(a) Field of the Invention
The invention relates to laser cathode-ray tubes (CRT) having an electron gun with a cathode for generating an electron beam, a laser screen, a focusing system for focusing the electron beam on the laser screen and a deflection system for deflecting this beam, and laser cathode ray tubes used, e.g., in projection television systems for displaying images on large square screens or in any field of technology where CRT's are used.
(b) Description of the Related Art
Projection television systems based on conventional cathode-ray tubes having a fluorescent screen are widely used for displaying images on the screens having an area of up to several square meters. However, limited and divergent light beam inherent to such systems makes it difficult to form images of large size with required brightness and contrast. This disadvantage is largely caused by the effect of saturation of the fluorescent intensity resulting from the increase in the current density of the electron beam, as well as by dispersion of the light radiation in the luminophor of a conventional cathode-ray tube.

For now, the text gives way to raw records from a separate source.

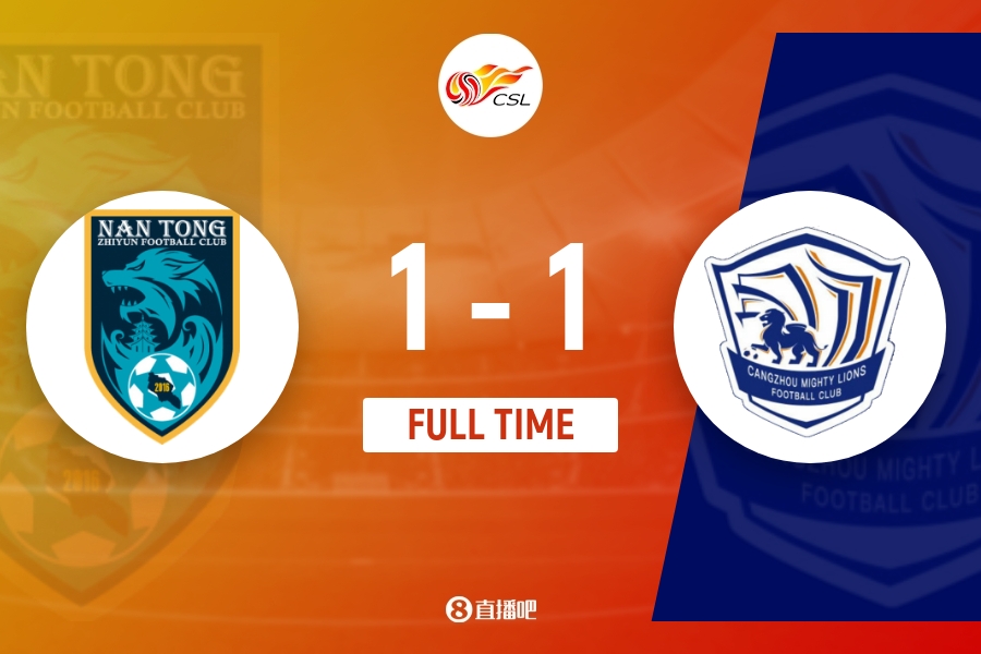 全场比赛结束,南通支云1-1战平沧州雄狮。
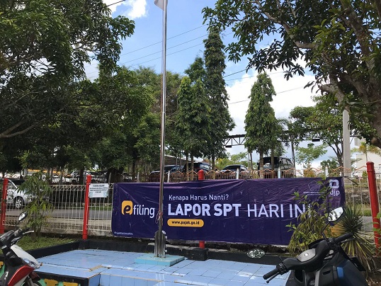 Pemasangan spanduk berisikan ajakan untuk melaporkan SPT Tahunan secara e-Filing yaitu pelaporan SPT Tahunan secara online melalui situs website www.pajak.go.id yang memudahkan wajib pajak untuk lapor SPT Tahunan, karena bisa dilakukan kapan saja dan di mana saja.
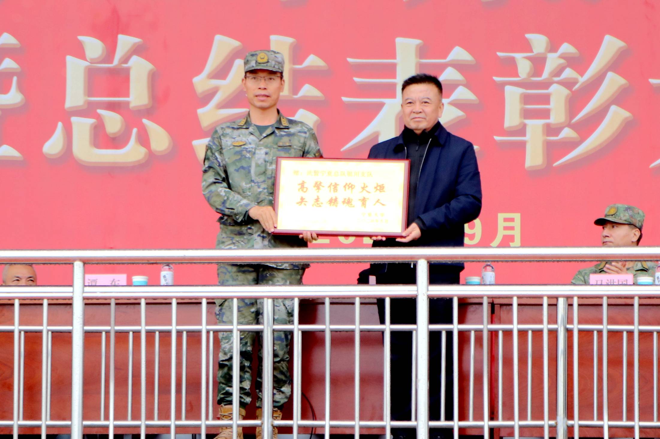校党委副书记张桓为承训部队授奖牌。
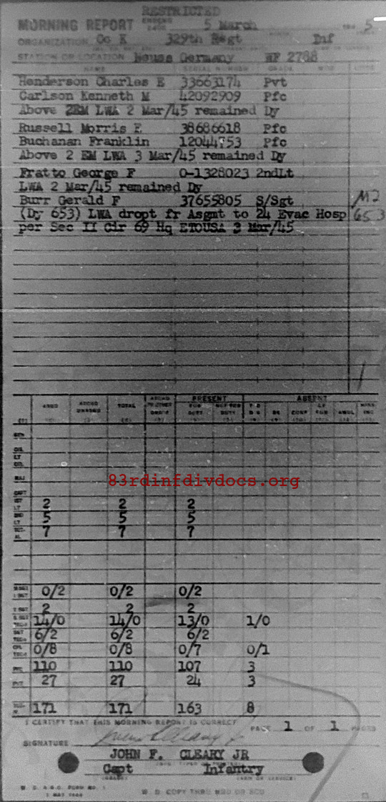 | 1945-04-12 | PFC | Killed in action on April 10, 1945 | 675 | K / 329 | view page |

An effective way to improve the parameters of projection television systems is connected with using laser CRT's (see, for example, U.S. Pat. No. 3,558,956), in which the above-mentioned saturation effect and losses in the luminophor are removed.
As distinct from the conventional CRT's, the source of the radiation in the laser CRT is a laser target that is a thin semiconductor monocrystalline plate having either of its parallel surfaces covered by coatings. A fully reflecting mirror metal coating is usually applied to the surface on which the electron beam is incident, while the other side of the plate is covered with a semitransparent mirror coating. The mirror surfaces constitute an optical resonator, while the semiconductor plate between them acts as an active medium of the laser leading to electron-beam excitation (pumping). The laser target is usually fixed to a transparent substrate serving as the optical output window of the laser CRT and also as a heat sink for the laser target. The substrate can be made of, e.g., sapphire having a high thermal conductivity. The laser target constitutes the screen of the laser CRT (laser screen) together with the transparent substrate.
The electron beam penetrates into the semiconductor plate through the metal coating and induces spontaneous light radiation. When the surface density of the current produced by the beam on the laser target equals a threshold value, the power of the induced light radiation will compensate the losses in the optical resonator and the element of the target on which the electron beam is incident will generate laser radiation. When light passes repeatedly through the resonator, its spectrum narrows, with the result that the emitted light is monochromatic. The laser light is radiated through the semitransparent mirror coating perpendicularly to the surface of the semiconductor plate and leaves the CRT through the sapphire output window.
In U.S. Pat. No. 5,280,360 a laser CRT is described, the CRT including an electron gun with a cathode for generating an electron beam, a laser screen, a focusing system for focusing the electron beam on the laser screen and a deflection system for deflecting this beam.
The method of exciting the screen of the laser CRT according to the above-mentioned patent comprises generating an electron beam and directing this beam to an element of the laser screen for exciting laser radiation. The laser radiation is excited when the current density produced by the electron beam on the element of the screen exceeds a threshold value.
In case of conventional CRT's the increase of the density of electron beam current on each element is useless due to the saturation of fluorescent intensity resulting from the power increase of electron beam. Further, it is known that increase in the current of an electron beam results in its greater diameter because of interaction among the electrons forming the electron beam. Because of this, the increased beam current in the known laser CRT's does not provide a proportional increase in the current density on the laser screen. Therefore, the light radiation intensity does not increase in proportion with the increase of the current. Other negative consequence of the increase in the diameter of the electron beam is reduction in the resolution of the laser CRT.